WHAT TO PRODUCE:
Read the records beneath this task and copy every line that contains the string "right".

PROVIDED INFORMATION:
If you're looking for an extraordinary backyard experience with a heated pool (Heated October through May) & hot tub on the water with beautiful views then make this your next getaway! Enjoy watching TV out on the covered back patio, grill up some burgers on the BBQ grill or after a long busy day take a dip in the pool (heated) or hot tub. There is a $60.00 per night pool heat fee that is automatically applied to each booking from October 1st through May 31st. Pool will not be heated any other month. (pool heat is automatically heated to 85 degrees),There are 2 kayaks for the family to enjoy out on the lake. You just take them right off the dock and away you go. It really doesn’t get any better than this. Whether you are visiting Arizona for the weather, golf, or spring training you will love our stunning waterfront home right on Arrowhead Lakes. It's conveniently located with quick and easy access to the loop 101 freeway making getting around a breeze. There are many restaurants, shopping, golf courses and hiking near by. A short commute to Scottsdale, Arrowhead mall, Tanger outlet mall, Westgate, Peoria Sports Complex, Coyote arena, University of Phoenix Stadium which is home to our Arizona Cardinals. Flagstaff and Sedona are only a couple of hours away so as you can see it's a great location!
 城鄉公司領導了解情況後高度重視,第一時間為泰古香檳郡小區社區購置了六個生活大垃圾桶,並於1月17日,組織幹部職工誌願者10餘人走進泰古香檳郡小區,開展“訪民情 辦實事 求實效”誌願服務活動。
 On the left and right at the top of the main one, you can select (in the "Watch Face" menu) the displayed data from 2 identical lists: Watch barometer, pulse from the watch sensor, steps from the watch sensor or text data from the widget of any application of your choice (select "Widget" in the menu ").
* * *
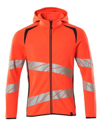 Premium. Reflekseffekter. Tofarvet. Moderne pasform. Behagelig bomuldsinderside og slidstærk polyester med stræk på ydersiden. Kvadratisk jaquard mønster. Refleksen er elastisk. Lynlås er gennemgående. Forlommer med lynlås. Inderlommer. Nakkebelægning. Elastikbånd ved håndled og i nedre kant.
---
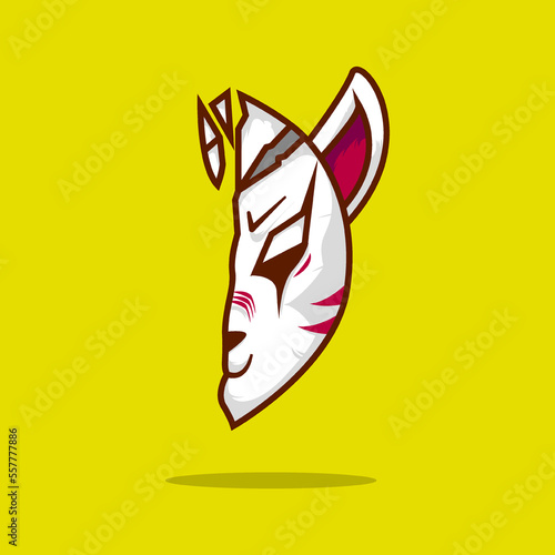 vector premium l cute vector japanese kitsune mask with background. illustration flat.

RESPONSE TO THE EXERCISE:
If you're looking for an extraordinary backyard experience with a heated pool (Heated October through May) & hot tub on the water with beautiful views then make this your next getaway! Enjoy watching TV out on the covered back patio, grill up some burgers on the BBQ grill or after a long busy day take a dip in the pool (heated) or hot tub. There is a $60.00 per night pool heat fee that is automatically applied to each booking from October 1st through May 31st. Pool will not be heated any other month. (pool heat is automatically heated to 85 degrees),There are 2 kayaks for the family to enjoy out on the lake. You just take them right off the dock and away you go. It really doesn’t get any better than this. Whether you are visiting Arizona for the weather, golf, or spring training you will love our stunning waterfront home right on Arrowhead Lakes. It's conveniently located with quick and easy access to the loop 101 freeway making getting around a breeze. There are many restaurants, shopping, golf courses and hiking near by. A short commute to Scottsdale, Arrowhead mall, Tanger outlet mall, Westgate, Peoria Sports Complex, Coyote arena, University of Phoenix Stadium which is home to our Arizona Cardinals. Flagstaff and Sedona are only a couple of hours away so as you can see it's a great location!
 On the left and right at the top of the main one, you can select (in the "Watch Face" menu) the displayed data from 2 identical lists: Watch barometer, pulse from the watch sensor, steps from the watch sensor or text data from the widget of any application of your choice (select "Widget" in the menu ").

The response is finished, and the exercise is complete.